■ What the task asks ■
The answer is the line with "今天公牛、马刺和国王的三方交" and every line after it to the end of the listing, retyped exactly. Pictures do not belong in it.

■ Data ■
──────────────────────────────

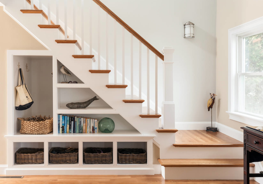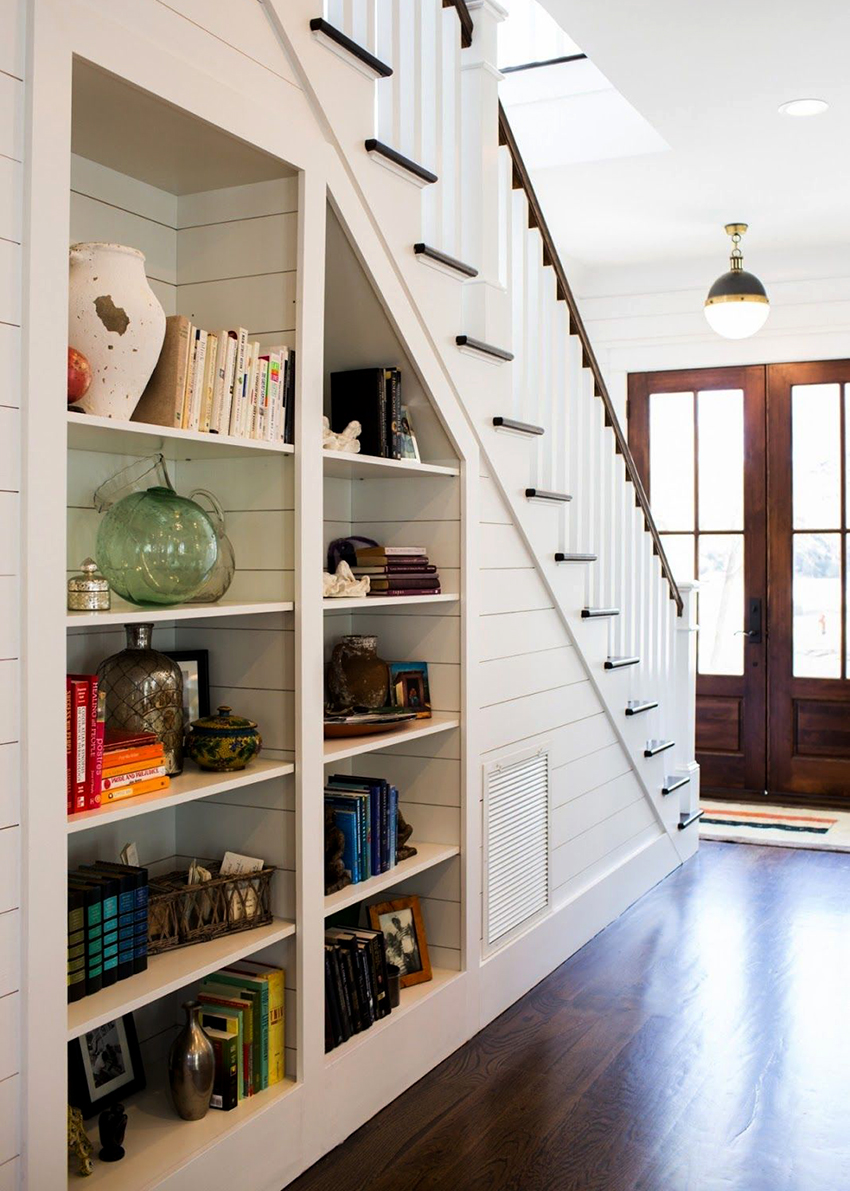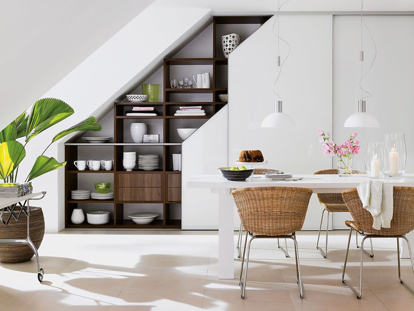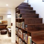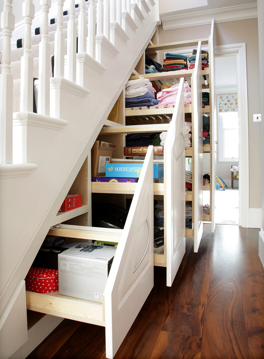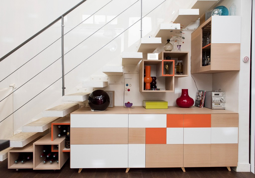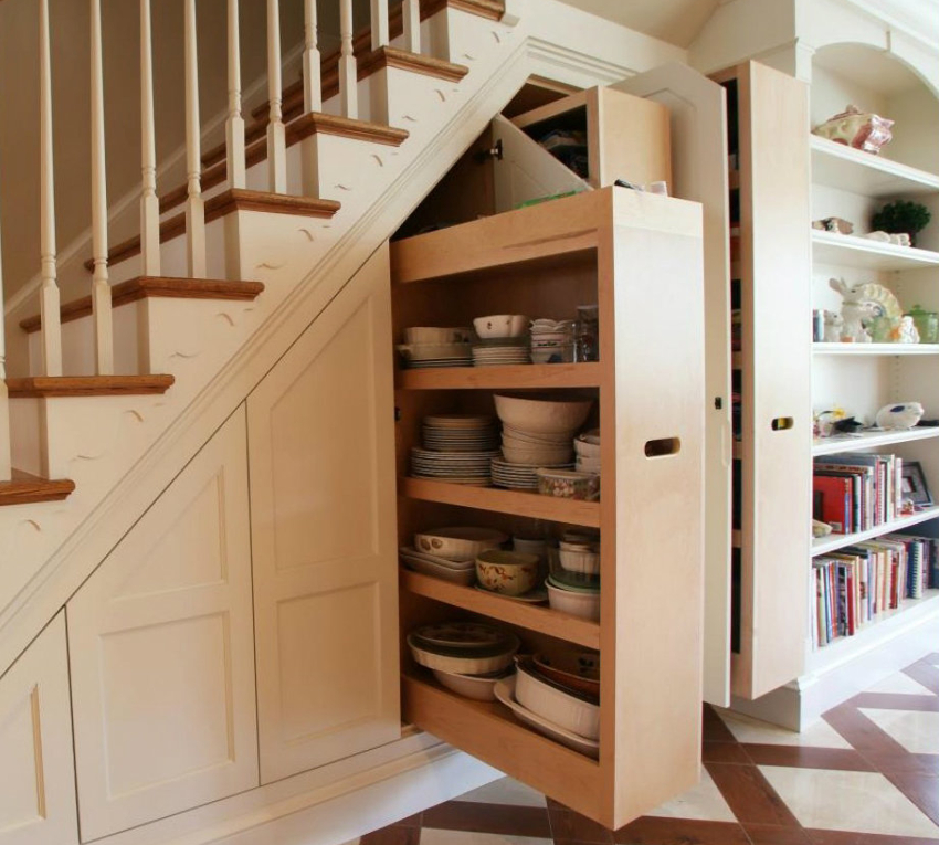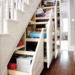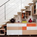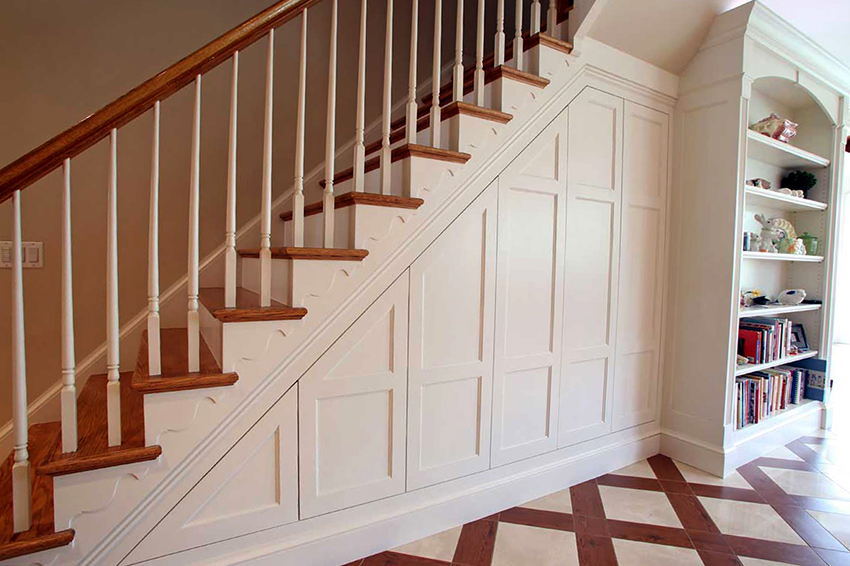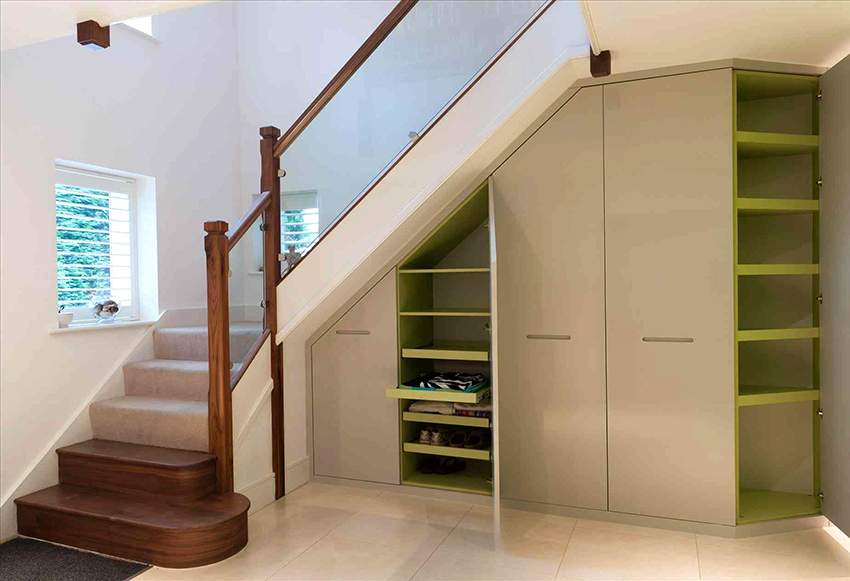 Sekiranya kawasan di bawah tangga besar, anda boleh memasang kabinet dan rak pelbagai jenis struktur.
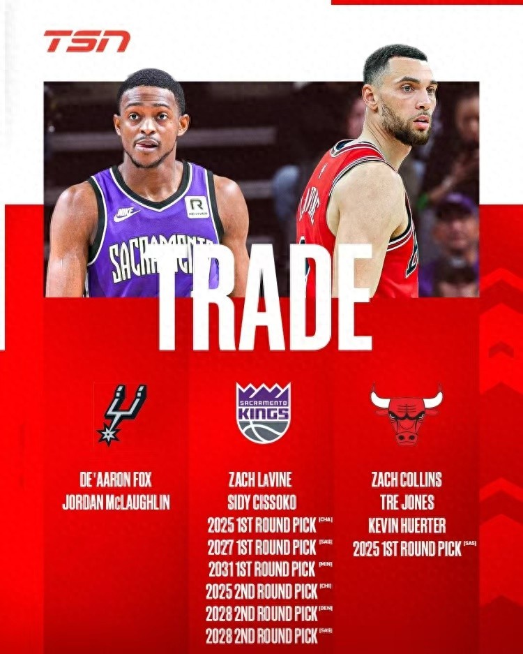 今天公牛、马刺和国王的三方交易正式官宣了,昨天名记Shams透露了这笔交易,现在三方正式官宣也承认了交易的准确性,这笔交易的具体细节是:公牛得到了扎克科林斯、特雷琼斯和赫尔特以及从马刺收回了自己25年的首轮签,公牛无意留下琼斯,此外为了完成交易,公牛还裁掉了杜阿尔特和克雷格,腾出阵容名额。
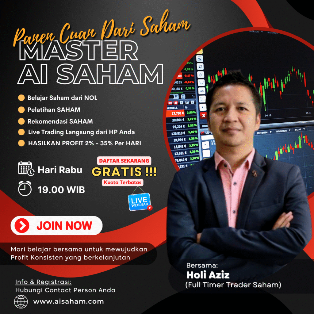 Dalam Webinar ini Akan dibongkar Strategi Simpel & Powerfull menggunakan AI SAHAM Untuk membantu Trading Lebih Percaya Diri
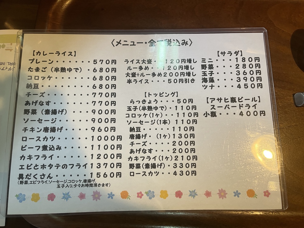 表に出ていた今日の限定カレーのチーズinハンバーグカレーにも心ひかれますが、今回は野菜カレーをチョイスしました。

──────────────────────────────

■ Your response ■
 今天公牛、马刺和国王的三方交易正式官宣了,昨天名记Shams透露了这笔交易,现在三方正式官宣也承认了交易的准确性,这笔交易的具体细节是:公牛得到了扎克科林斯、特雷琼斯和赫尔特以及从马刺收回了自己25年的首轮签,公牛无意留下琼斯,此外为了完成交易,公牛还裁掉了杜阿尔特和克雷格,腾出阵容名额。
 Dalam Webinar ini Akan dibongkar Strategi Simpel & Powerfull menggunakan AI SAHAM Untuk membantu Trading Lebih Percaya Diri
 表に出ていた今日の限定カレーのチーズinハンバーグカレーにも心ひかれますが、今回は野菜カレーをチョイスしました。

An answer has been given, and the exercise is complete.